When writing out the entries below, keep only the lines from the line with "Embrace 71 x" to the line with "Bisley Church before 1873.", both included, exactly as they are, and leave the pictures aside.

─── PROVIDED ENTRIES

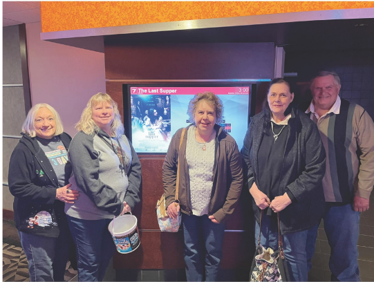
Movie outing in GB
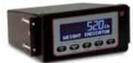
Desktop Panel Mount

*Stainless Steel Panel Mount and Desktop Panel Mount models are UL recognized in Canada and the United States.
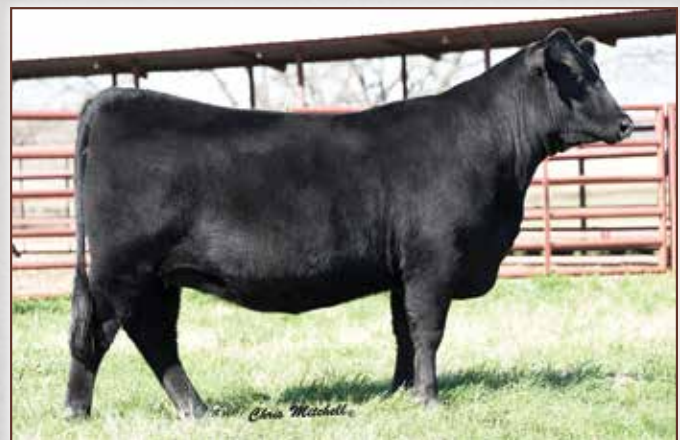
44 Ruby 6267 / A granddaughter of this foundation Blackstone Cattle Company and 44 Farms headliner sells as Lot 25.
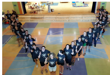
V is for Valued: St. Mark Center appreciates the time, effort, and enthusiasm of VML Interns who spent a day cleaning, organizing, and beautifying our campus.
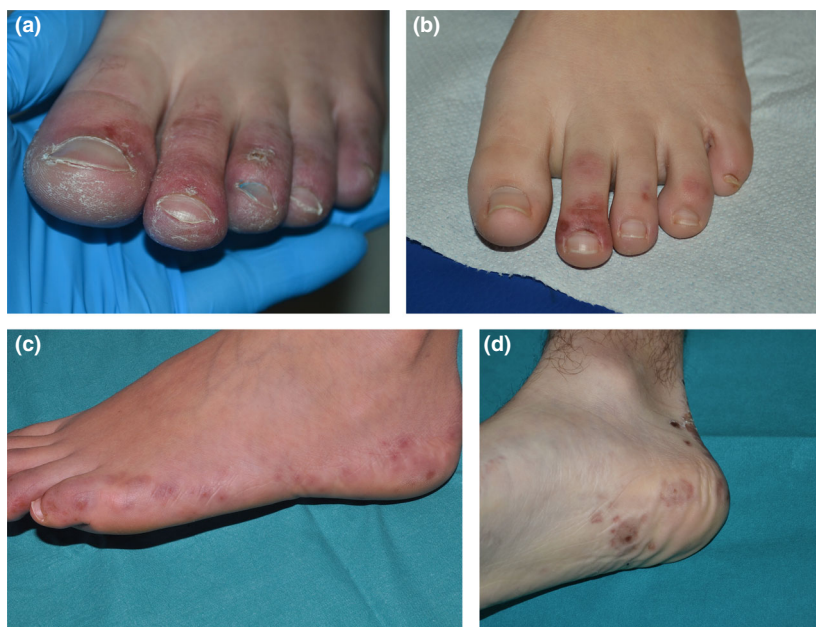
Figure 1 (a–d) The spectrum of acral ischaemic lesions in children in the setting of COVID-19.

The periungual and subungual skin is usually affected. In the subsequent evolution, the lesions may become vesiculobullous or present with dark-purple or black crusts. The plantar region and the lateral aspect of the feet and the heels may also be involved, with coarse, ecchymotic and infiltrated lesions.
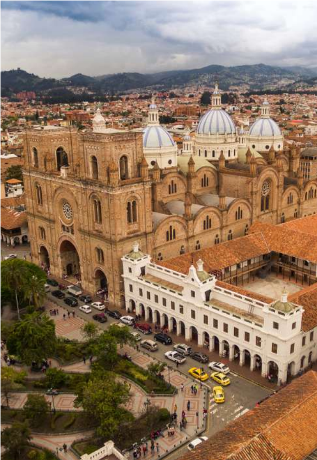
Cuenca, Azuay.
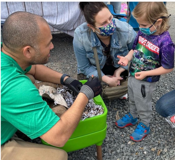
Compost Give Back
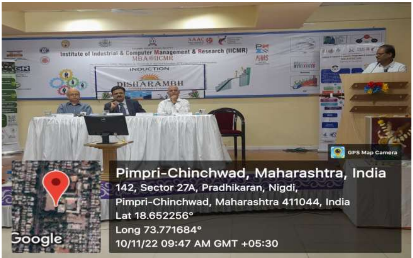
Guest addressing the student
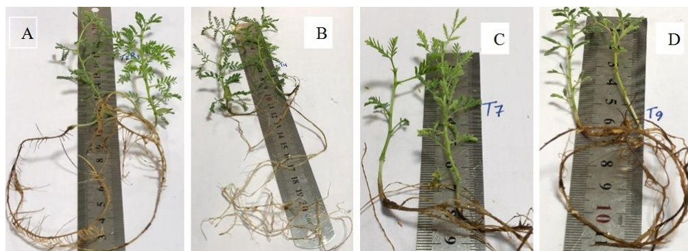
Fig. 4. Growing of Acacia tortilis seedlings after 2 months in T 2 (A), T 4 (B), T 7 (C) and T 9 (D).
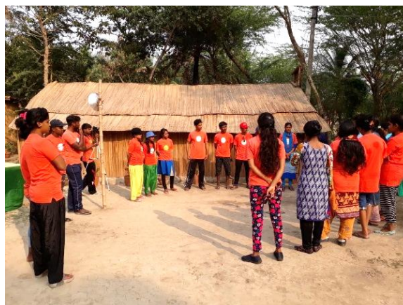
Above and Below: Training sessions at Sunderan retreats are hosted by the local Swapno YRC
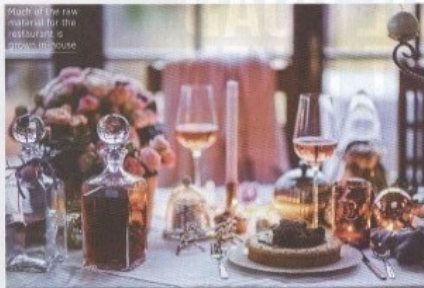
Some of the raw material for the restaurant is grown in-house
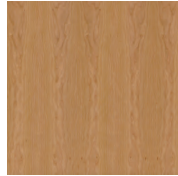
Cherry Flat Cut
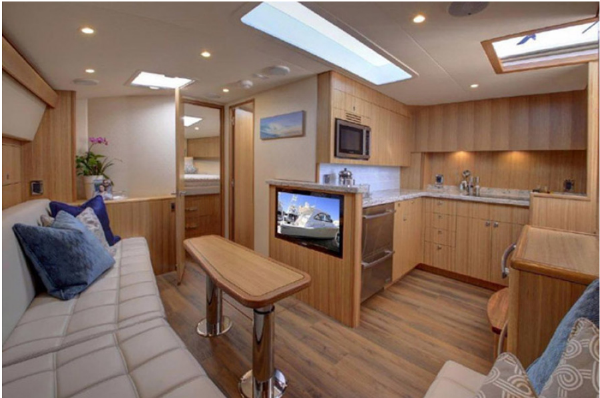
Salon and Galley
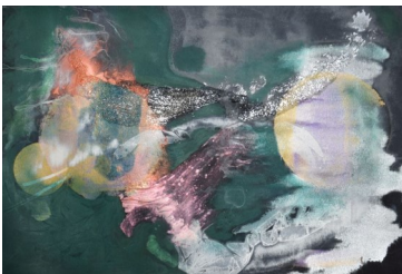
Embrace 71 x 53cm Mixed media on black Hahnmueller paper framed in gunmetal with art glass $750
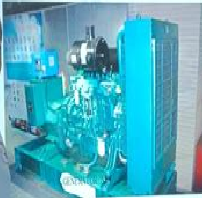
Water Cooled Diesel Generator
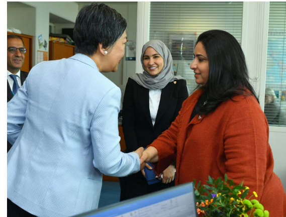
Programme Management Officers (PMOs)
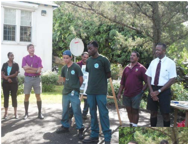
Two of the young men involved in the Horticulture Programme.
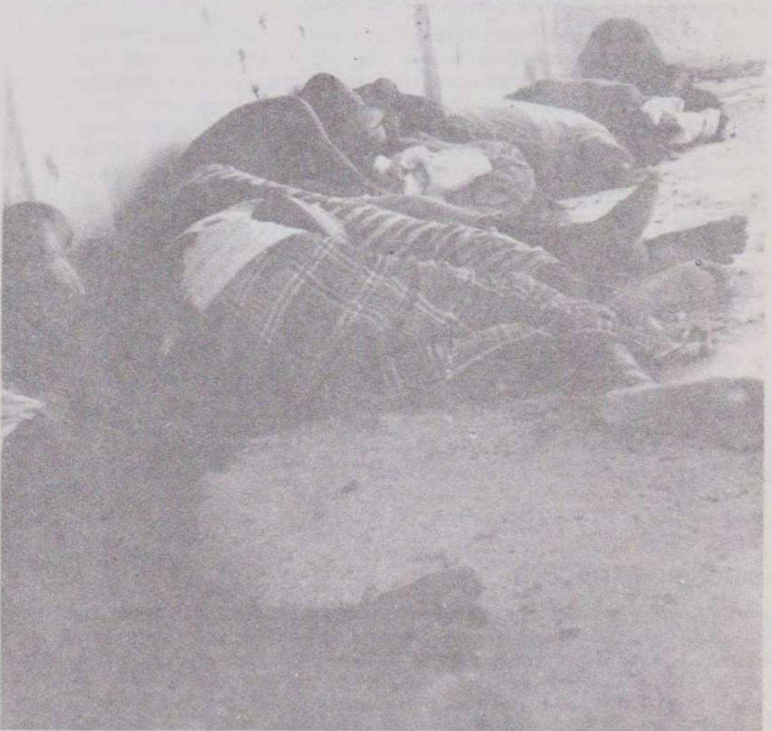
Victims of Sri Lankan State Terrorism
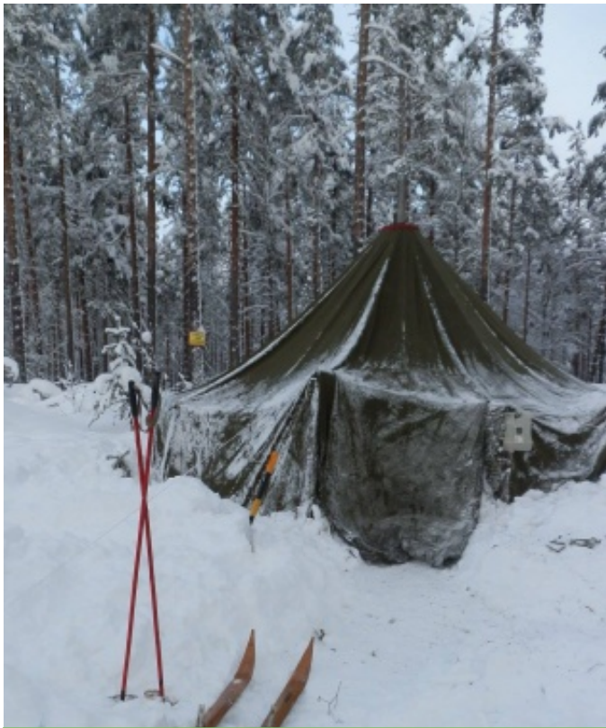
A tent for volunteers protecting the Ore Forest Landscape. Pär Wetterrot
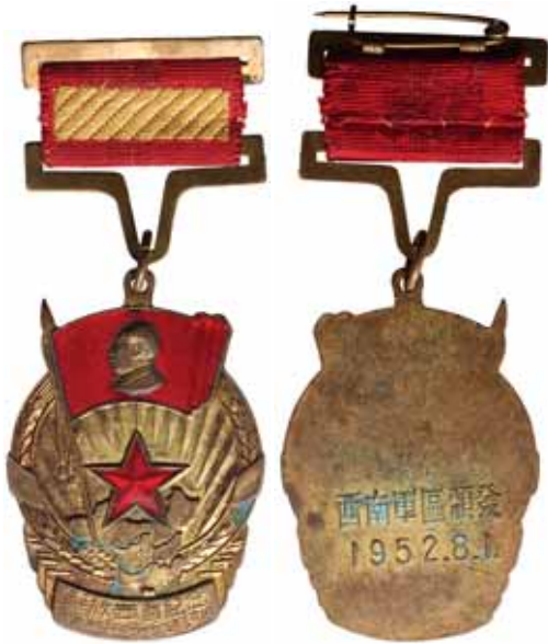
5773* China , People's Republic, Liberate Tibet Memorial Medal, West and South Army, presented on Army Day, 1.8.1952. Very fine.
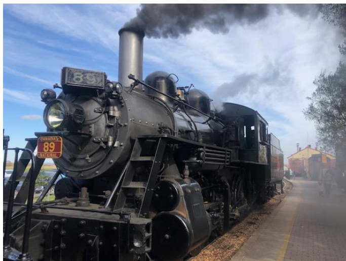
Strasburg Railroad steam engine enters the station.
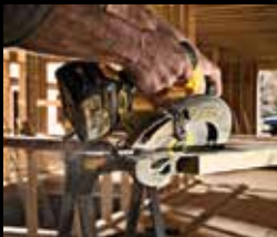
See page 16
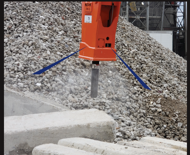
Wide spray angle for maximum coverage

(*NOTE: Water reservoir and pump not included.)
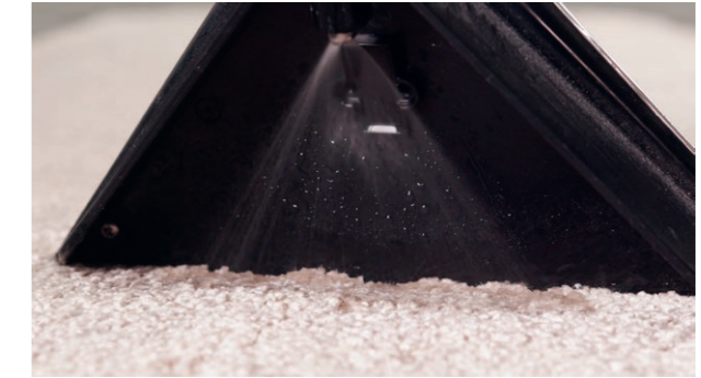
Cleaning agent is sprayed on as needed.
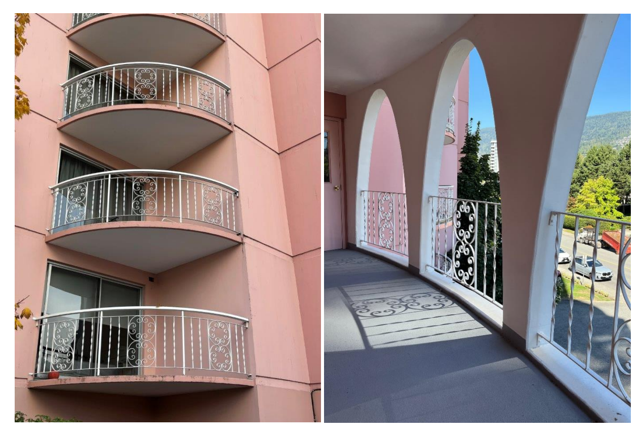
Figure 4 Balconies, 2024.
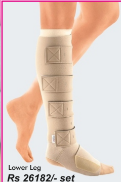
Lower Leg Rs 26182/- set
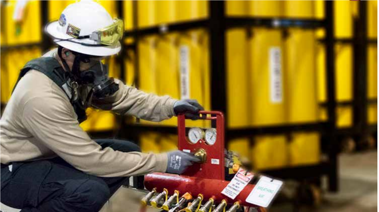
Worker with 12 cylinder pack
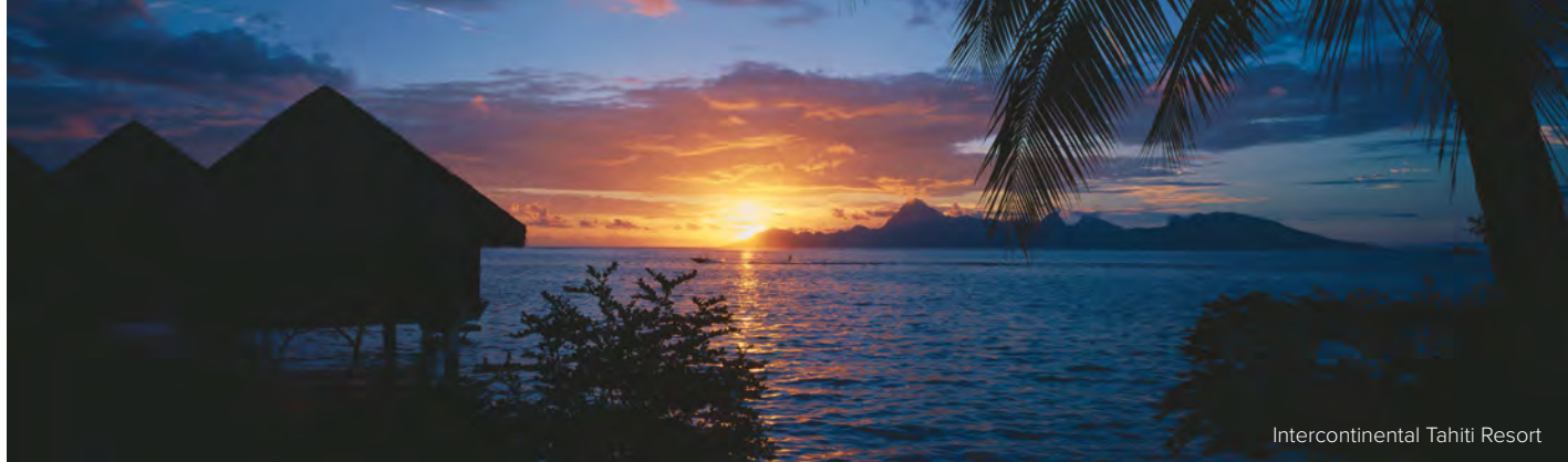
Intercontinental Tahiti Resort
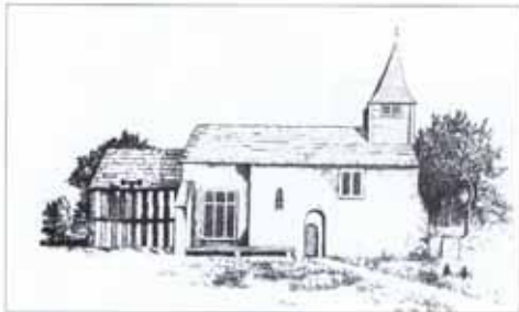
Bisley Church before 1873.

are made of various local stones – including 'sarson stones' (a hard sandstone found on the local heaths) and 'pudding-stone' (which looks like dark brown concrete, but is a natural material sometimes found at the base of deposits of sand as a kind of 'pan').
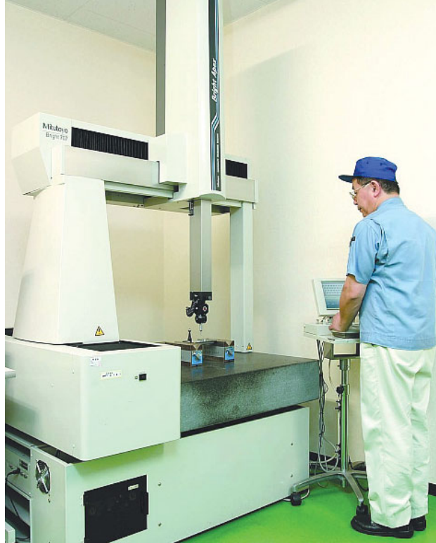
Coordinate measuring machine
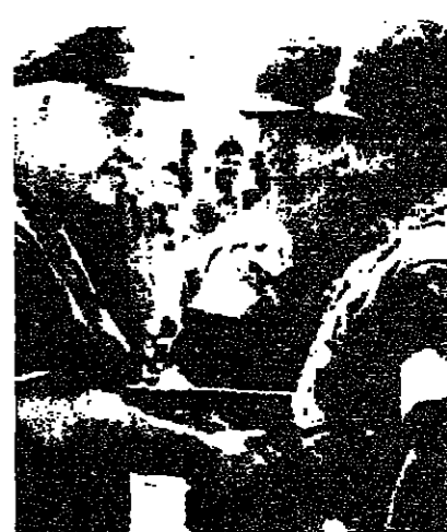
General Creighton Abrams, left, leaves Vietnam after being named Army Chief of Staff.

WASHINGTON (AP). — President Nixon announced on Tuesday that he will nominate Gen. Creighton W. Abrams, now the commander of U.S. forces in Vietnam, to be U.S. Army Chief of Staff.
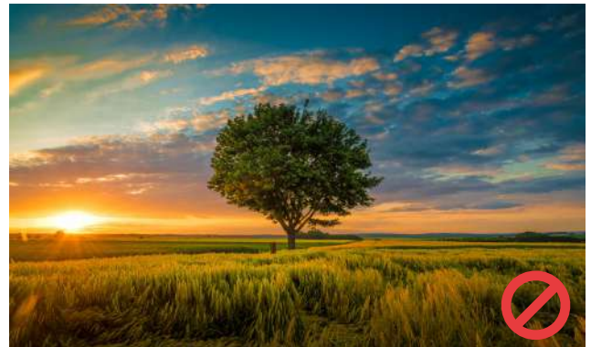
Use google/stock images
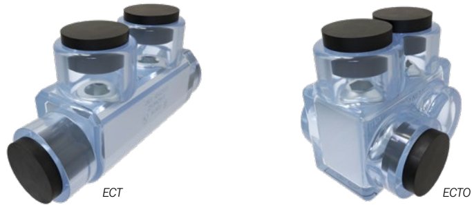
ClearTap® Two Wire In-line and Offset Insulated Splicer-Reducers
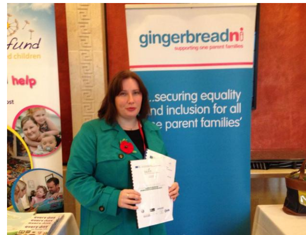
Gingerbread NI awareness events.
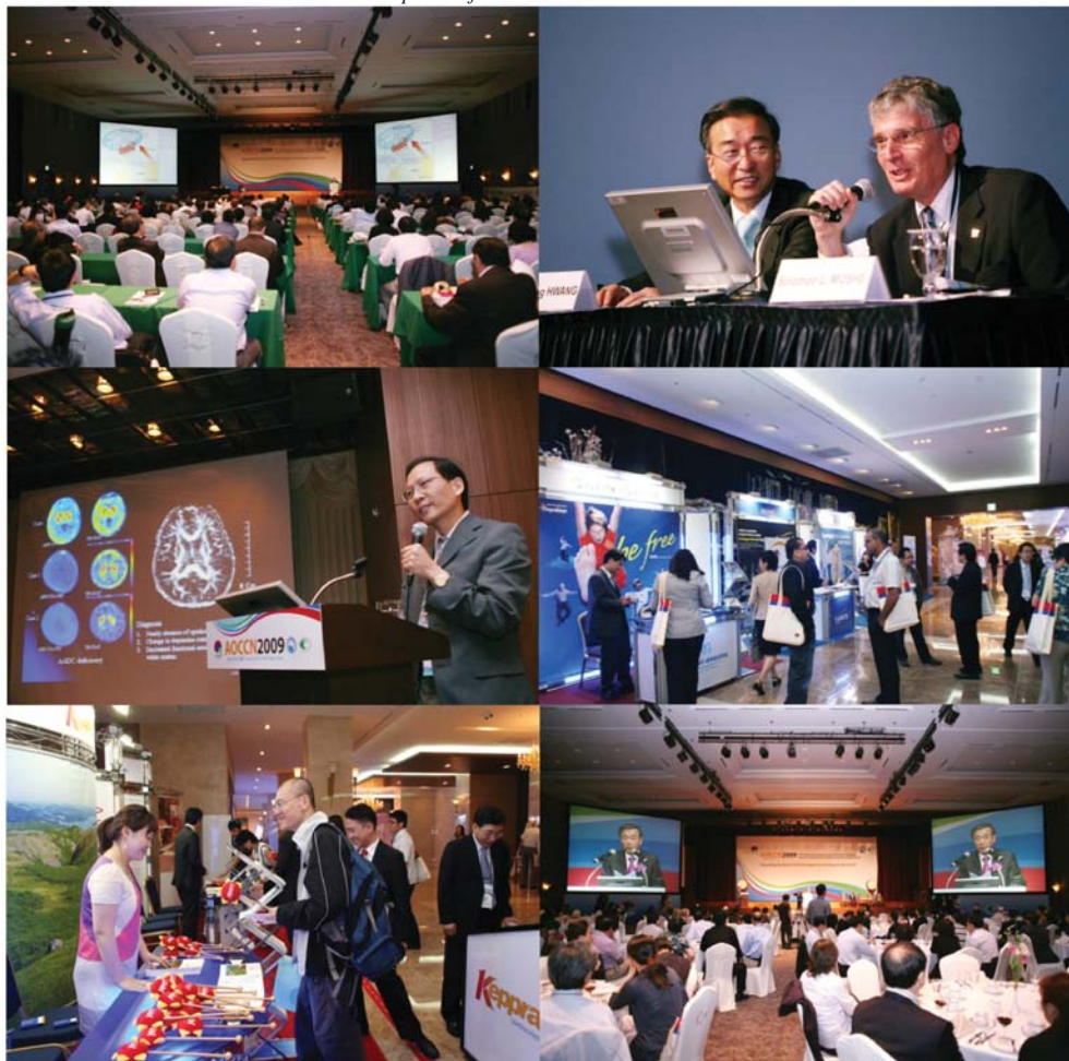
photos from the 10th AOCCN

Thank you again and goodbye until the next 11th Congress, Brisbane, Australia in 2012.
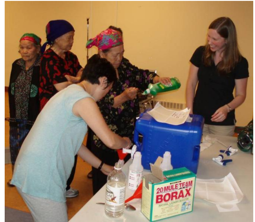
Hmong elders making non-toxic cleaners
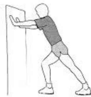
Figure 2. Calf muscle stretching exercise 1.

In accordance with the literature, stretching analytical technique was used [15] to perform the adjunctive five sessions of stretching of the calf muscles (Figures 2 and 3). The duration of the stretching session (showed in Table 1) was defined on the basis of clinical evidence [14,22], as described in Table 1. The activity was performed under the supervision of a physiotherapist in order to guarantee the maintenance of correct body arrangement. Two exercises were alternated during the period.
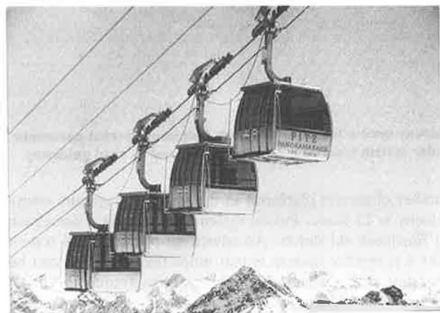
FIGURE 3 Pulsed system.

tinguish between technologies that offer smaller, more “personalized” vehicles from technologies that carry large numbers of people in single vehicles. The upper boundary of 14 passengers for small TUs was chosen to include the Soule SK system in the small vehicle category. The next boundary of 50 passengers per TU was chosen to distinguish between typical capacities for detachable and nondetachable TUs. The
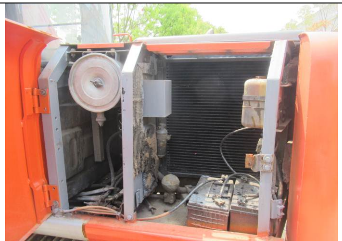
30 Excavator view
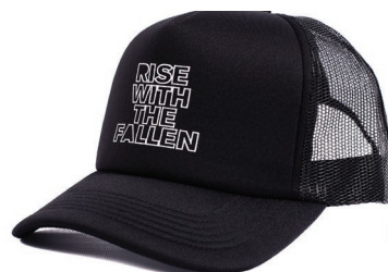
RISE WITH THE FALLEN FMK1CP04 BLACK / WHITE
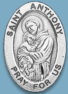
JUNE 13 ST. ANTHONY
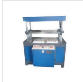
Hydraulic Twin Book Press Machine
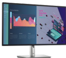
Dell 27 Monitor - P2725H

As the world's #1 monitor company 1 , Dell knows that the modern workplace requires more than PCs. We offer 200+ branded accessories to keep you connected and collaborative no matter your work style. Dell recommended solutions are designed and tested to connect seamlessly with your PC.
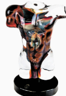
60: DINO ROSIN Adonis Murano Glass Sculpture
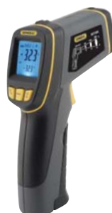
IRT730K (see page 8)
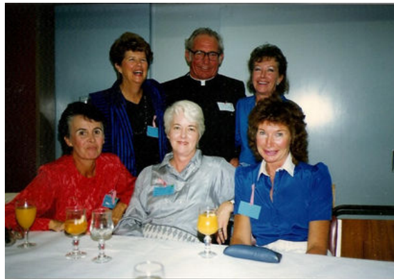
Some of the Catholic Women's League in the 1970's

The Catholic Women's League was an active lively group established in the 1970's, giving assistance and help to women and families - child minding and meals provided when mothers in maternity hospital or unwell - a Helping Hand Book recorded those willing and able to be contacted at a moment's notice when required.

──────

(EXPECTED ANSWER):
Embrace 71 x 53cm Mixed media on black Hahnmueller paper framed in gunmetal with art glass $750
Water Cooled Diesel Generator
Programme Management Officers (PMOs)
Two of the young men involved in the Horticulture Programme.
Victims of Sri Lankan State Terrorism
A tent for volunteers protecting the Ore Forest Landscape. Pär Wetterrot
5773* China , People's Republic, Liberate Tibet Memorial Medal, West and South Army, presented on Army Day, 1.8.1952. Very fine.
Strasburg Railroad steam engine enters the station.
See page 16
Wide spray angle for maximum coverage

(*NOTE: Water reservoir and pump not included.)
Cleaning agent is sprayed on as needed.
Figure 4 Balconies, 2024.
Lower Leg Rs 26182/- set
Worker with 12 cylinder pack
Intercontinental Tahiti Resort
Bisley Church before 1873.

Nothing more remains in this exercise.